*GIVEN INFORMATION*.
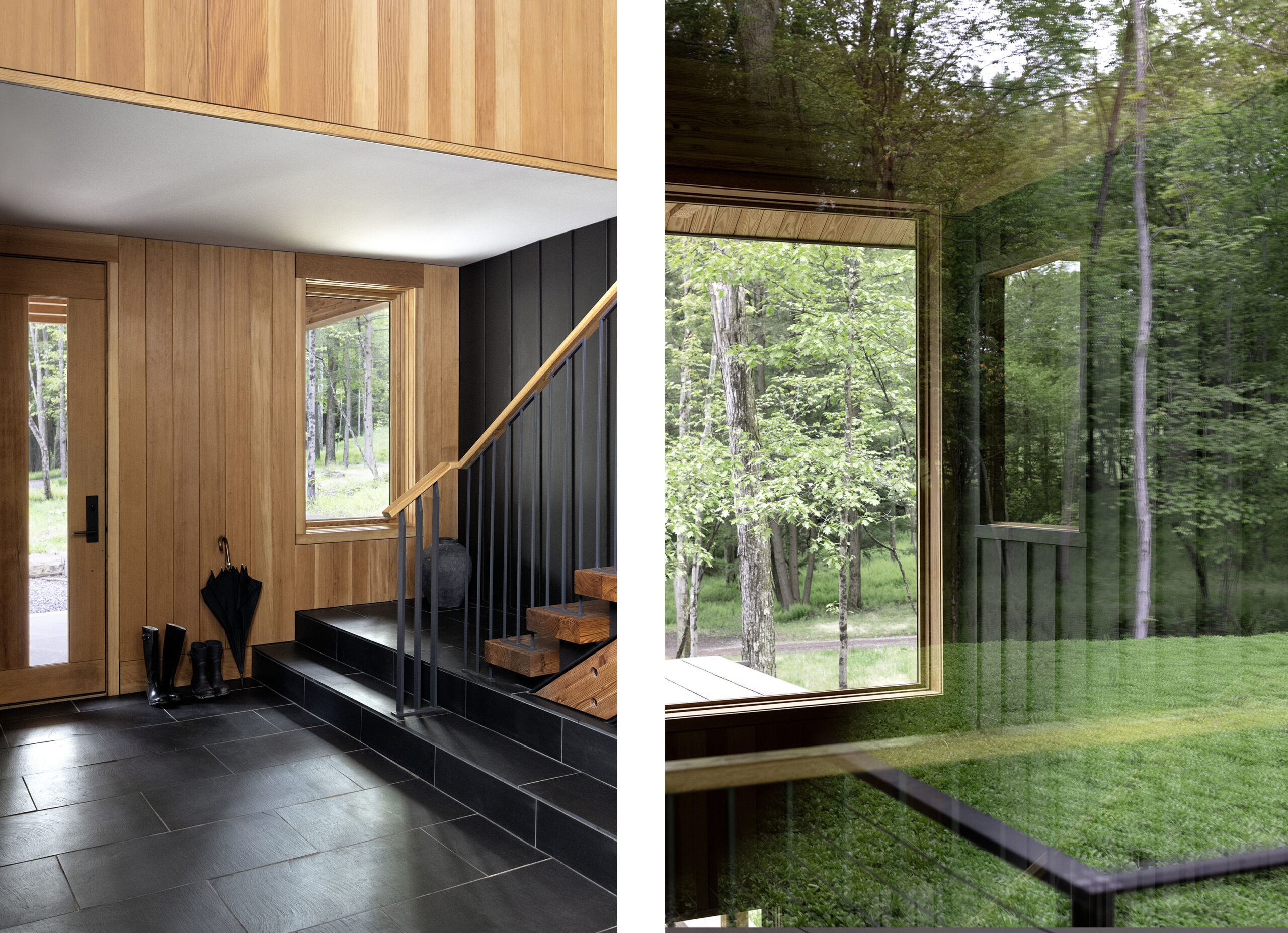 “숲 속으로 굽이치는 진입로를 따라 들어가면 긴장을 풀고 집에 도착한다.”라고 Jenn은 말했다. “그리고 도착하면 아래층에 있다.” 호지는 “그 계단은 당신을 더 높은 건물 위의 작은 건물로 이끌며, 그것은 ‘계시의 순간’이라고 설명했다.”
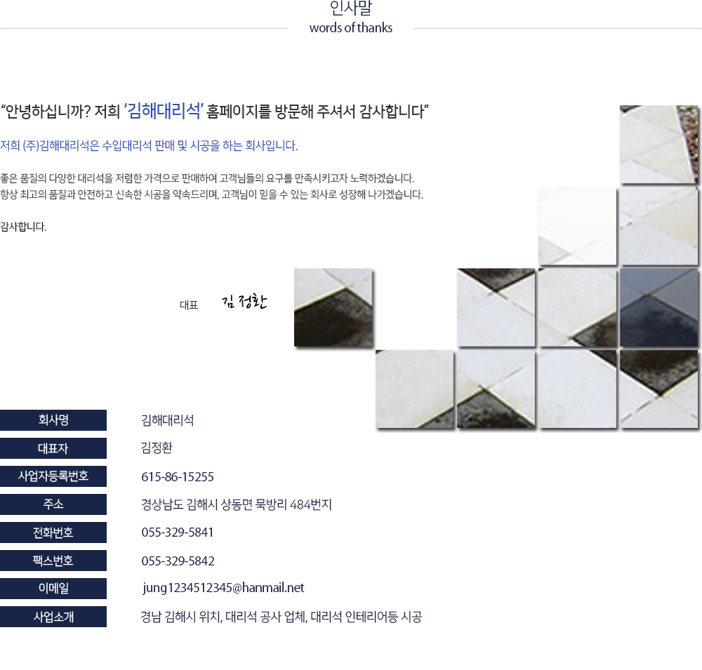 상호명 : 김해대리석 | 대표자 : 김정환 | TEL : 055-329-5841 | FAX : 055-329-5842 | ADD : 경상남도 김해시 상동면 묵방리 484번지 | 사업자등록번호 : 615-86-15255
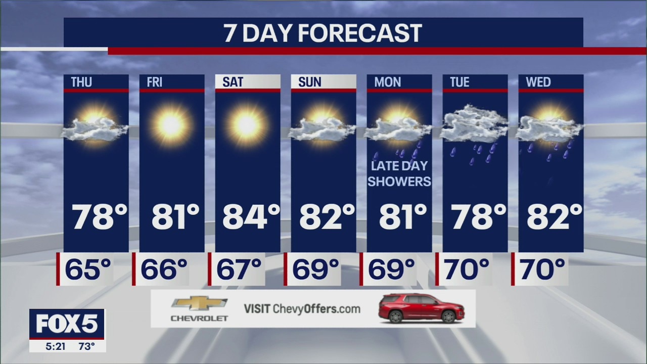 The clouds and a couple of showers are still in the forecast, but things will improve tonight and should be pretty pleasant through the end of the week and into the weekend! FOX 5 NY's Nick Gregory has your weather forecast.
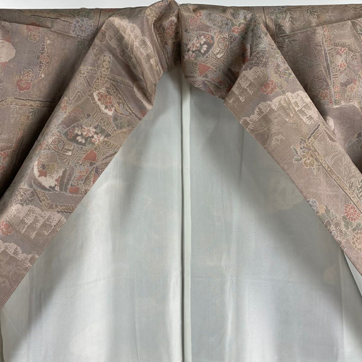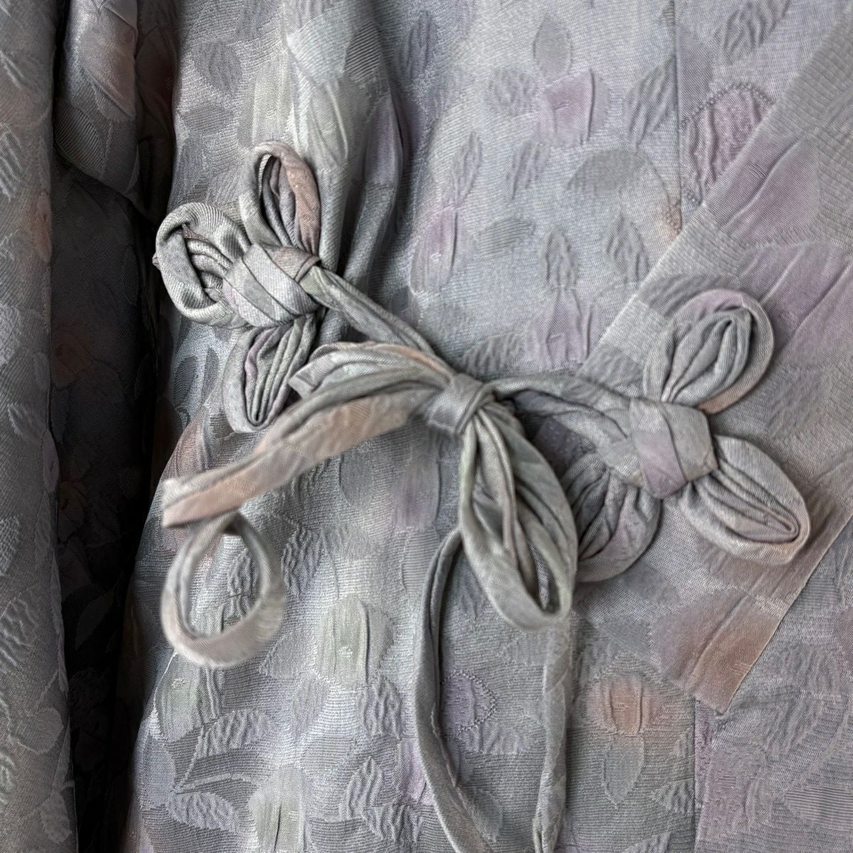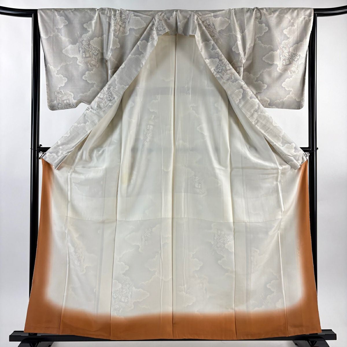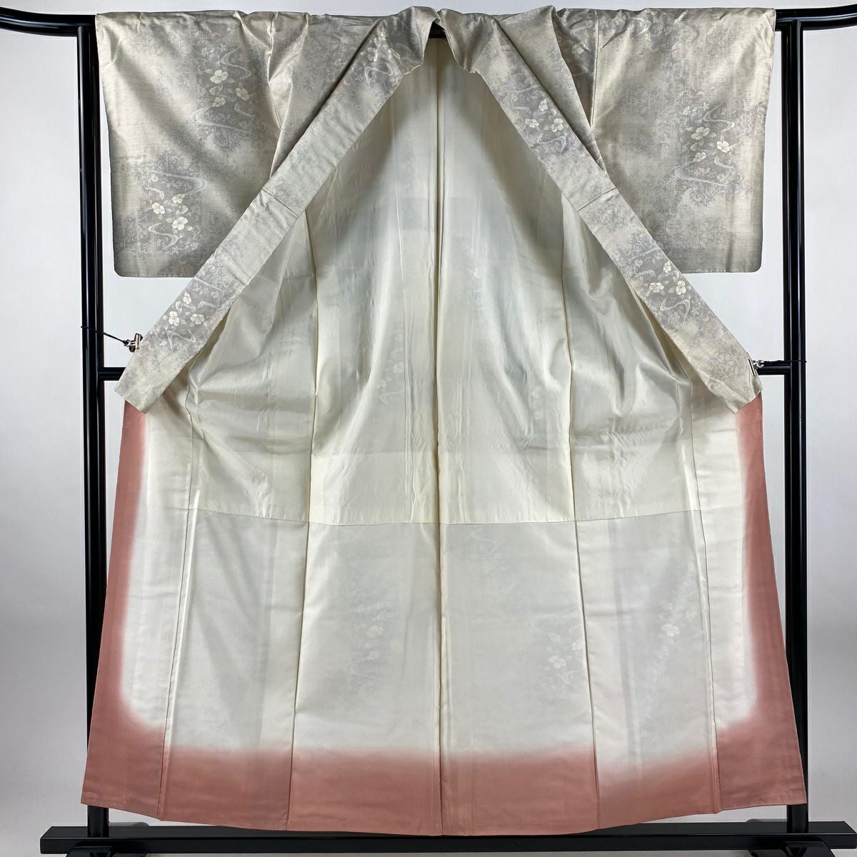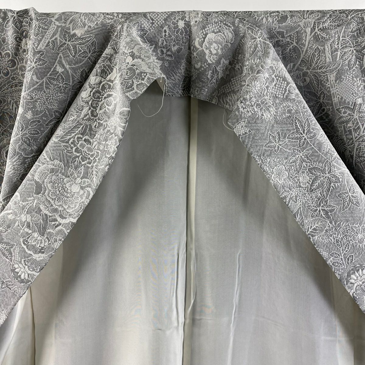 【美品】 道中着 身丈103.5cm 裄丈69cm L 和装コート 着物衿 地紋 ぼかし 灰茶 正絹 逸品
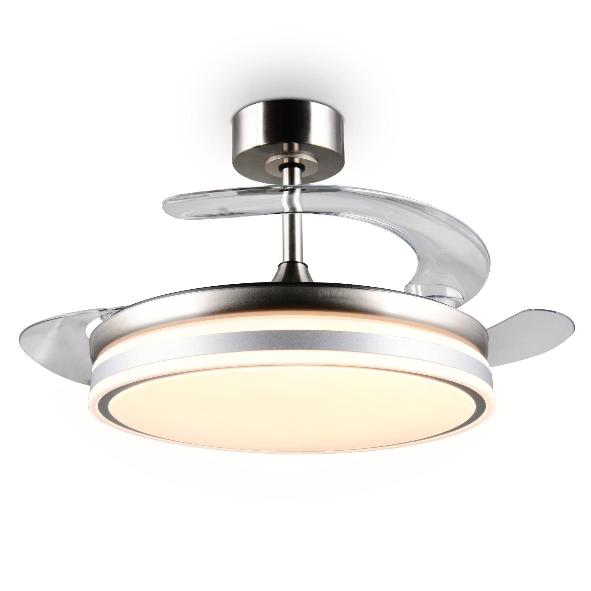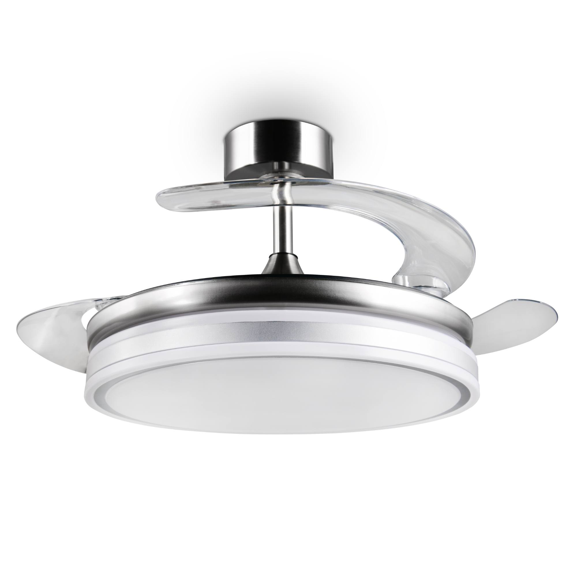 Zaujme premysleným dizajnom, vďaka ktorému je možné lopatky ventilátora pomocou otočného mechanizmu ukryť za tienidlo, čo oceníte najmä mimo letnej sezóny.
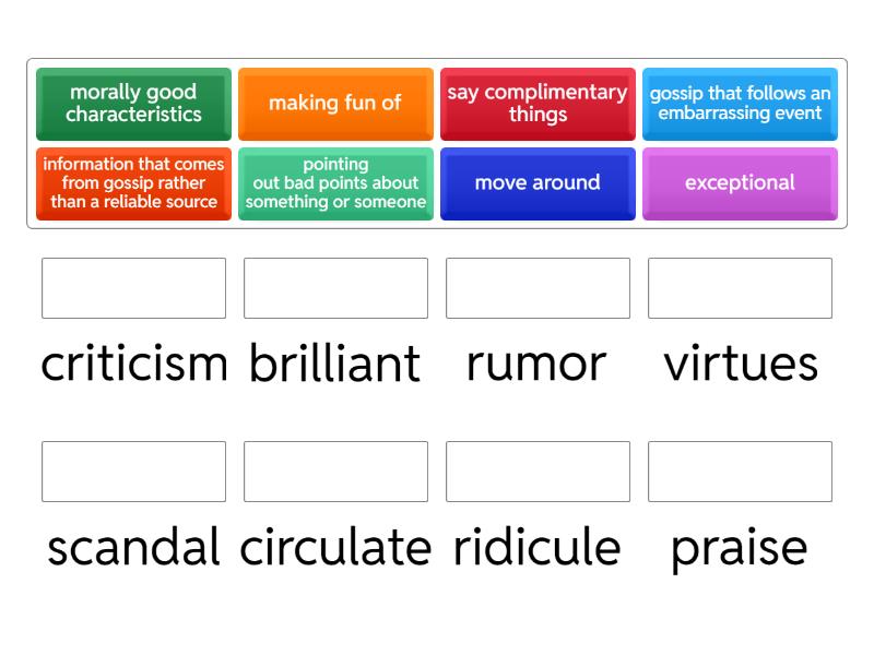 pointing out bad points about something or someone - criticism, making fun of - ridicule, say complimentary things - praise, move around - circulate, gossip that follows an embarrassing event - scandal, morally good characteristics - virtues, information that comes from gossip rather than a reliable source - rumor, exceptional - brilliant,
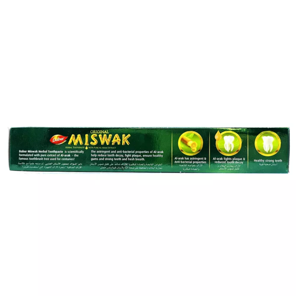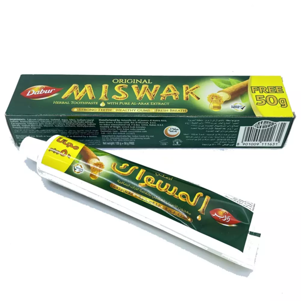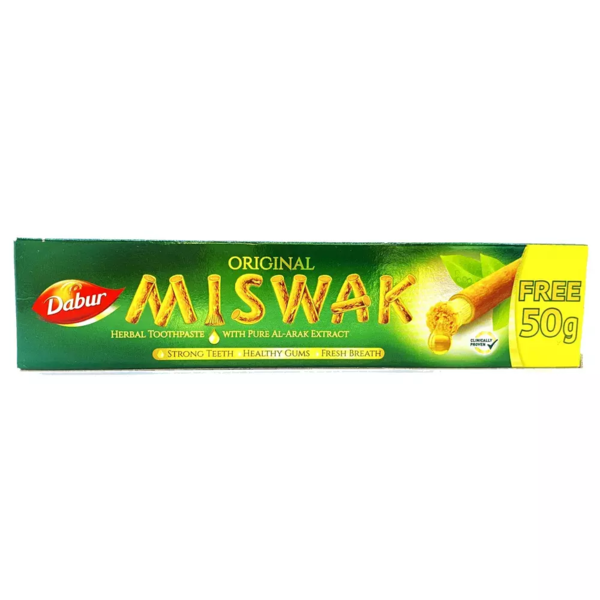Miswak (Salvadora persica) — редкое растение, медленно произрастающее на песчаных дюнах пустынь Африки и Южной Азии. Сопротивляясь жестким силам природы, оно вобрало в себя особые целебные свойства. Даже маленькая порция Miswak способна эффективно воздействовать на полость рта человека. Компания Dabur представляет Вам возможность использовать его уникальные свойства в виде зубной пасты Meswak.
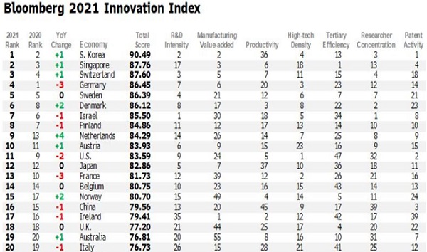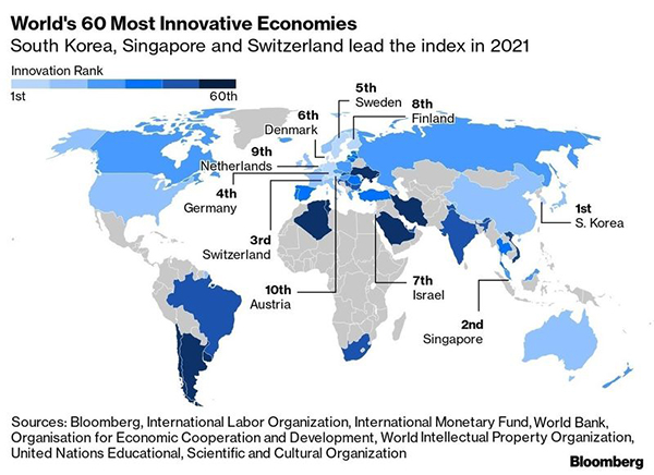 [일간환경연합 장민주 기자]한국이 ‘2021년 블룸버그 혁신지수’ 세계 1위를 차지했다.

*INSTRUCTIONS FOR THE TASK*.
The records above must be echoed exactly, minus their pictures.

*COMPLETED TASK*.
 “숲 속으로 굽이치는 진입로를 따라 들어가면 긴장을 풀고 집에 도착한다.”라고 Jenn은 말했다. “그리고 도착하면 아래층에 있다.” 호지는 “그 계단은 당신을 더 높은 건물 위의 작은 건물로 이끌며, 그것은 ‘계시의 순간’이라고 설명했다.”
 상호명 : 김해대리석 | 대표자 : 김정환 | TEL : 055-329-5841 | FAX : 055-329-5842 | ADD : 경상남도 김해시 상동면 묵방리 484번지 | 사업자등록번호 : 615-86-15255
 The clouds and a couple of showers are still in the forecast, but things will improve tonight and should be pretty pleasant through the end of the week and into the weekend! FOX 5 NY's Nick Gregory has your weather forecast.
 【美品】 道中着 身丈103.5cm 裄丈69cm L 和装コート 着物衿 地紋 ぼかし 灰茶 正絹 逸品
 Zaujme premysleným dizajnom, vďaka ktorému je možné lopatky ventilátora pomocou otočného mechanizmu ukryť za tienidlo, čo oceníte najmä mimo letnej sezóny.
 pointing out bad points about something or someone - criticism, making fun of - ridicule, say complimentary things - praise, move around - circulate, gossip that follows an embarrassing event - scandal, morally good characteristics - virtues, information that comes from gossip rather than a reliable source - rumor, exceptional - brilliant,
Miswak (Salvadora persica) — редкое растение, медленно произрастающее на песчаных дюнах пустынь Африки и Южной Азии. Сопротивляясь жестким силам природы, оно вобрало в себя особые целебные свойства. Даже маленькая порция Miswak способна эффективно воздействовать на полость рта человека. Компания Dabur представляет Вам возможность использовать его уникальные свойства в виде зубной пасты Meswak.
 [일간환경연합 장민주 기자]한국이 ‘2021년 블룸버그 혁신지수’ 세계 1위를 차지했다.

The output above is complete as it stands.